Tuesday, July 25, 2006

Our Bloody Media

David Warren makes a strong point in re: media coverage of civilian deaths in the present Mid-East conflict:

It will not do for journalists to justify behaviour by the standards of the pack. It will not do for them to assume that only soldiers must answer difficult moral questions. In this case, they must ask or be asked: Who benefits from such reporting?

For the answer is obviously, Hezbollah. The very reason they take such trouble to assure a high body-count among non-combatants -- by for instance preventing civilians from fleeing the territory they control -- is to use their corpses as a weapon against Israel. The Western and Arab media oblige, by building this body-count into a drumbeat against Israel’s attempts to take the battle to the enemy.

Let me sharpen this point further. The value of civilian corpses to Hezbollah, and allied terrorist forces, depends on the media’s willingness to make an issue of them -- thereby inferentially blaming Israel for disasters that Hezbollah’s methods have contrived. Quite plainly: the more obsessively the media focuses upon this body-count, the higher it is going to be.

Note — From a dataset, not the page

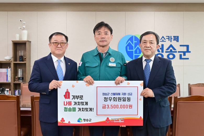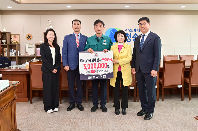 윤경희 청송군수는 “힘든 시기에도 보여주신 따뜻한 연대와 나눔이 큰 위로와 힘이 된다.”며, “소중한 성금은 피해 주민들의 일상 회복과 지역사회의 재건을 위해 소중히 사용하겠다.”라고 밝혔다.

Yet another illustration of the consequences of ideas or the lack thereof. Our mindlessness has casualties.

Monday, July 24, 2006

One Nation Under God

Some would deny it, and foist their denial on the Constitution. The House is taking steps to prevent this:

Jul 19, 2006 (AP)— The House, citing the nation's religious origins, voted Wednesday to protect the Pledge of Allegiance from federal judges who might try to stop schoolchildren and others from reciting it because of the phrase "under God."

. . .

The pledge bill would deny jurisdiction to federal courts, and appellate jurisdiction to the Supreme Court, to decide questions pertaining to the interpretation or constitutionality of the pledge. State courts could still decide whether the pledge is valid within the state.

Opponents are arguing -- what else? -- that the bill is itself unconstitutional. Perhaps they have a point in terms of usage: that word can mean pretty much anything one wants it to mean; it has been watered down to a mere rhetorical trope. But here is what the Constitution actually says, for those interested:

In all cases affecting ambassadors, other public ministers and consuls, and those in which a state shall be party, the Supreme Court shall have original jurisdiction. In all the other cases before mentioned, the Supreme Court shall have appellate jurisdiction, both as to law and fact, with such exceptions, and under such regulations as the Congress shall make.

Those invoking separation of powers have no case, as that doctrine is balanced by checks and balances, and Congress has one heck of a mighty check when it comes to the Supreme Court's appellate jurisdiction! This may seem passing strange, but only because Congress has been asleep at the wheel for so long, allowing the Court to usurp so much power that no one remembers that the overwhelming majority of cases it decides could be stripped from the federal courts altogether by a mere congressional majority -- not even a constitutional amendment.

Of course, the SC is so bloated with power it could rule that the Congressional act is invalid, not for stripping the SC of power (and no bias of course), but for having improper motives: the infamous Lemon Test may strike again! (For those not in the know: any law passed for religious motives, and with which the Court disagrees, can be ruled in violation of the first amendment. In this case, if historical accuracy about our nation's relationship to God is deemed a religious purpose -- and how can it not be since the Court's doctrine presupposes the opposite relation to God? -- this otherwise valid law could be ruled null and void.) Only an all out war between Congress and the Court could tame it now, unless the justices decide prudently to back down, or to revert to the Constitution voluntarily.